1. Ensure All Trading Positions Are Close
The majority of forex brokers prohibit withdrawing funds from an account as long as there is still a floating trading position, regardless of whether it is floating positive or floating negative. This is because in the time between when you submit a withdrawal application and when it is approved, the amount of funds in the trading account is not necessarily the same, thus disturbing the broker's books.
Also read: Forex Trading Tips Using Android
Therefore, you should first close all your trading positions before withdrawing funds from your account (withdraw profit).
2. Make sure the account is verified
When you just opened an account and started forex trading, the broker may say that the verification by uploading a scan of your identity card can be postponed to another day. However, basically all forex brokers require account verification if a trader wants to withdraw funds from the account balance.
Also read: 5 Best Forex Brokers In Indonesia For Beginner Traders
Therefore, make sure your account has been verified, before withdrawing profit. If you feel that you have uploaded the necessary documents but the trading account has not been verified, there may be technical problems, so it is better if you contact Customer Service to speed up processing.
3. Withdraw Profit Using the Same Option as the Deposit
Did you deposit (deposit funds) via bank transfer? We recommend that you withdraw profit via transfer to the same bank account. Or is it actually a deposit using an online payment, for example ****pay? If so, withdraw profit using ****pay too.
Also read: Get to know Deposit and Withdrawal in Forex
The majority of brokers prioritize processing of withdrawals for traders who use the same payment method options as deposits. Conversely, if you use a different option, you may be asked to provide additional requirements for account verification. This is not intended to complicate the withdrawal of funds, but rather to ensure that the person withdrawing money from the account is really the right person. Surely you don't want just anyone to take your hard-earned profit, right !?
4. Do not deposit too much profit in the trading account
The process of withdrawing profits at a number of brokers can cost a lot of money, because of a discount on shipping fees from the bank or the online payment that you use. Therefore, you may think that you will only withdraw it when you have accumulated a profit of tens or hundreds of thousands of dollars. In fact, this is not wise.
Like banks, brokers need to maintain their liquidity. When traders withdraw large amounts of funds at once, it can interfere with their liquidity, so even the most honest brokers will find a way to avoid getting too much of their funds out at one time. For traders, this means that withdrawal of profit can be hampered, even though the money will still be in hand.
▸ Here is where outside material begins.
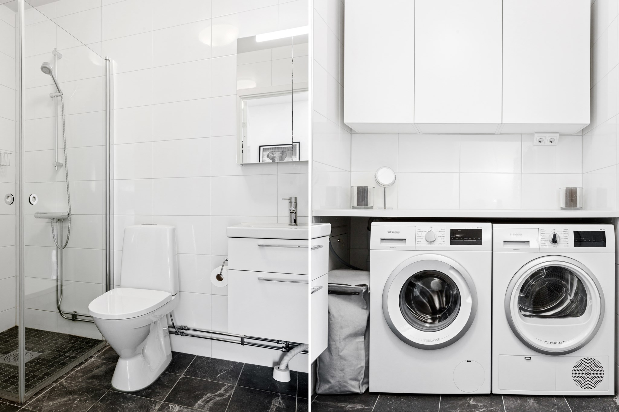 • Helkaklat badrum med tvättmaskin & torktumlare

Also read: Tips to Make Forex Trading Always Profitable for Beginners
We recommend that you arrange to withdraw funds in certain denominations consistently. For example every 250 Dollars, 500 Dollars, 1000 Dollars, and the like.
5. Listen to the Broker Terms Carefully
When you register or open an account at a broker, there will definitely be words like "terms and conditions" or "Terms and Conditions". However, most traders ignore it; just click agree because you want to trade quickly. In fact, these rules include what you should not do and what must be fulfilled in order to withdraw profits smoothly.
So, if you haven't read these important documents when registering, but need to know the conditions for withdrawing funds from the broker, what should you do? Don't be shy, communicate with your Account Manager or Customer Service. Ask frankly, how is the process of withdrawing funds, how much will it cost, how long it will take for the funds to arrive in your account, and what are the conditions. Know this information before you send a withdrawal application.